Let's read the dataset in our panda dataframe.

In [None]:
df = pd.read_csv('../input/predicting-churn-for-bank-customers/Churn_Modelling.csv')

Let's do some basic checks of the dataset.

In [None]:
df.head()
print('------------ Dataset Info -------------')
df.info()
print('\n This dataset has {0} rows and {1} columns'.format(df.shape[0],df.shape[1]))
print('\n The Columns in this Dataset are')
list(df.columns.values)

### Missing Values
 fortunatly this dataset doesnt have any missing values.

In [None]:
df.isnull().sum()

Columns like Row Number, Customer ID and Surname are not going to help us in finding the churn pattern as these are mostly unique values to each customers.

In [None]:
df.drop(columns=['RowNumber', 'CustomerId', 'Surname'], inplace = True)
df_1 = df

In [None]:
df.head()

we can see that columns like NumOfProducts, HasCrCard and IsActiveMember are numerical but these are actually categorical variables.
Lets change these into categorical variables.

In [None]:
df[['NumOfProducts','HasCrCard','IsActiveMember','Exited']]= df[['NumOfProducts','HasCrCard','IsActiveMember','Exited']].astype('object')

In [None]:
df.dtypes

In [None]:
print('The Numerical variables are ')
list(df.select_dtypes(include=[np.number]).columns.values)
num_col= df.select_dtypes(include=[np.number]).columns.values
print('The Categorical variables are ')
list(df.select_dtypes(include=[np.object]).columns.values)
cat_col= df.select_dtypes(include=[np.object]).columns.values
#print('There are {0} numerical columns and {1} categorical columns'.format())        

In [None]:
df.describe().T

## Data Visualization
 Need for Visualization
   1. Understanding the trends and patterns of data.
   2. Analyze the frequency and other such characteristics of the data.
   3. Know the distribution of the variables in the data.
   4. Visualize the relationship that may exist between different variables

### Data Distribution Plots
   Data distribution plots shows the distribution in data like the central tendency,skewedness, any significant outliers.
Lets see some of the distribution plots

   #### Histogram for Numerical Variables

In [None]:
num_col

In [None]:
plt.figure(figsize = (15,10))
for i in enumerate(num_col):
    plt.subplot(3,2, i[0]+1)
    _= sns.histplot(df, x=i[1], hue = 'Exited',multiple="dodge")
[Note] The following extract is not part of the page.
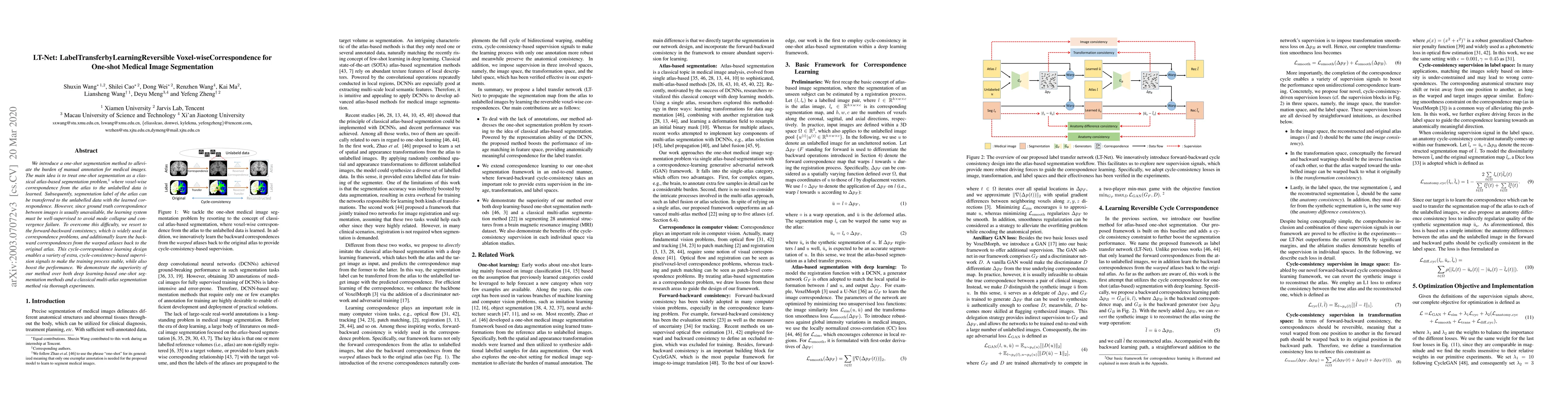 LT-Net introduces a one-shot segmentation method for medical images using reversible voxel-wise correspondence, leveraging forward-backward consistency to stabilize training and enhance performance. The method outperforms both deep learning-based and classical multi-atlas segmentation techniques.

Observation from the above histogram
  1. Balances of the customers are seemed to be symmetrically distributed. Credit Score seems like left skewed.
  2.There is not much variation in Estimated salary. All the values are lying between 300k to 400k. This variable may not be very helpful in finding out the churn.
  3. Most of our custmers are between the age of 28 to 40.

In [None]:
_= sns.displot(df, x="CreditScore", col="Exited", multiple="dodge")

In [None]:
_= sns.displot(df, x="Age", col="Gender",hue = 'Exited', multiple="dodge")
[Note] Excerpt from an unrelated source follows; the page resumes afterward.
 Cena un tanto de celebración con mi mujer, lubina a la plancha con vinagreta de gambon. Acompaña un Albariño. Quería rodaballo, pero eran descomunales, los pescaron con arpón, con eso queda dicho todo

Observation for the above plot
    Female customers between the age 50 to 60 are more likely to churn.

In [None]:
plt.figure(figsize= (10,10))
_= sns.displot(df, x="Tenure", y="Balance", hue="Exited", kind= 'kde')

In [None]:
#pair plot for numerical columns only
sns.pairplot(df[num_col])

##### Joint Plot for two numerical Variables

In [None]:
_ = sns.jointplot(data = df, x='Balance', y = 'EstimatedSalary')

In [None]:
g = sns.jointplot(data = df, x='CreditScore', y = 'Age')
g.plot_joint(sns.histplot)
#g.plot_marginals(sns.boxplot)

#### Count Plot for Categorical Variables

In [None]:
fig, ax= plt.subplots(2, 3, figsize=(20,12))
_=sns.countplot(x='Gender', data = df,hue='Exited', ax= ax[0][0])
_=sns.countplot(x='Geography', data = df,hue='Exited', ax= ax[0][1])
_=sns.countplot(x='NumOfProducts', data = df,hue='Exited', ax= ax[0][2])
_=sns.countplot(x='HasCrCard', data = df,hue='Exited', ax= ax[1][0])
_=sns.countplot(x='IsActiveMember', data = df,hue='Exited', ax= ax[1][1])
_=sns.countplot(x='Exited', data = df, ax= ax[1][2])

Observation from the ablove plots
   1. Female customers are leaving the bank more than the male customers. 
   2. In the given data, Germany is having more churn ratio than spain and France. And France is having lowest ration of churn.
   3. Churn in customers having only 1 product is more. And Customers having more than 2 products are more likly to leave.
   4. Inactive customers are leaving the bank more than those active customers.
   5. This is an imbalanced dataset as we have only 2000 customers who exited and 8000 customers who stayed.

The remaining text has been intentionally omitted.